Of all the Protestant churches I've been to in Europe, I think Saint Pancras is the most stark. It is so large and cavernous inside, 

yet devoid of art and decoration, 

that it feels unfinished, hollow. 

It was obviously made to house great art and images and without them it almost has the feel of an empty warehouse. I normally love the simple Protestant churches, and this is an absolutely beautiful structure, but for me, this one does not work well. 

Saint Pancras of Rome was a Roman citizen who converted to Christianity and was beheaded in 304 at the age of 14 during the persecution of Diocletian, about nine years before Constantine issued the Edict of Milan.  He was brought before the authorities and asked to perform a sacrifice to the Roman gods. He refused and Diocletian was impressed with his determination and promised him wealth and power. But Pancras still refused and Diocletian ordered him decapitated on the Via Aurelia. 

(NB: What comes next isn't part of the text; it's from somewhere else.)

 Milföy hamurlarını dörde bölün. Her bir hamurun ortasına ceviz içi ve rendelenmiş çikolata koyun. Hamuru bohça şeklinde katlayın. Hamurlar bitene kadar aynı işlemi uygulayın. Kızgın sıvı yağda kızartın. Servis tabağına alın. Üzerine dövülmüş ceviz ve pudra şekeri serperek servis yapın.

My favorite thing in the church was some art (I wish there was more of it): a series of three oil paintings which the artist painted while listening to radio coverage of the Hungarian Uprising in November 1956. A student demonstration in Budapest had led to the fall of the People's Republic of Hungary and the new government declared its intent to withdraw from the Warsaw Pact and have free elections. After the Politburo indicated a willingness to withdraw Soviet troops, it reversed course and sent Soviet troops into Budapest and other parts of Hungary to crush the revolution. Over 2,500 Hungarians were killed and 200,000 Hungarians fled as refugees. The first painting shows a man, woman and child in freezing cold, the woman barefoot, seeking refuge while the city burns behind them.

The second painting shows a television and newspaper with images of war and hunger. A clown cries, a man of science holds a dead owl, the symbol of wisdom, in his hands. A man with raised hands screams and next to him is a man in a German helmet with hands outstretched in the form of a cross. The Bible is opened to Matthew with verses predicting events in a troubled world and an image of Jesus sits on the television, on a red robe. Perhaps it is symbolic of the time before the second coming when Jesus will return in a red robe.

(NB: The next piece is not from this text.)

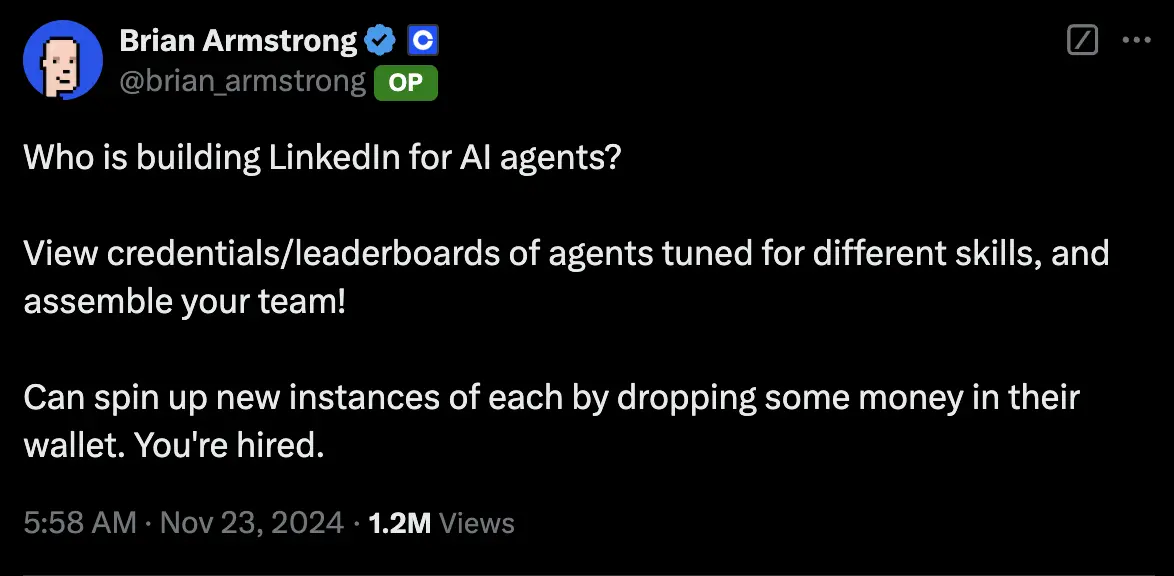 随后,Luna 连续发布了 12 条推文,平均浏览量为 1.8 万次,其中并未有突破十万次浏览量的推文。不过这算是一次新鲜的尝试,AI Agent 已经被誉为数字劳工,Coinbase CEO Brian Armstrong 询问现在有谁在为 AI Agent 打造领英平台,「用户可以查看不同技能调优的代理的资质和排行榜,并根据需要组建自己的团队。只需向代理的钱包中投入一定金额,就能快速创建新的代理实例,从而完成招聘过程。」

The third painting shows death playing a violin with broken strings. Above death is a white, heavenly, throne, perhaps also symbolizing that the end is near and the earth will be renewed.

Clockworks from 1607 that were restored in 2003.

A tombstone from the inside floor dating to 1688.

What appears to be another tombstone, this one on the side of a pillar.

The Netherlands is one of the most secular countries in Western Europe. About 23% of the people are Catholic (down from 40% in the 1970s) and 11% belong to the Protestant Church in the Netherlands or PKN (down from 60% in the early 20th century), about 1.8 million people. The PKN was formed in 2004 as a merger between the Dutch Reformed Church (which was about 8.5% of the population), the Reformed Churches in the Netherlands (about 3.7% of the population) and the Evangelical Lutheran Church in the Kingdom of the Netherlands (about .1% of the population). 


1 comment:

  1. For some reason I can't see St. Pancras without thinking "St. Pancreas." Weren't those houses built on to the side called "Widows' Houses"? I thought they were for the widows of the parish and were built there because it was land the church owned.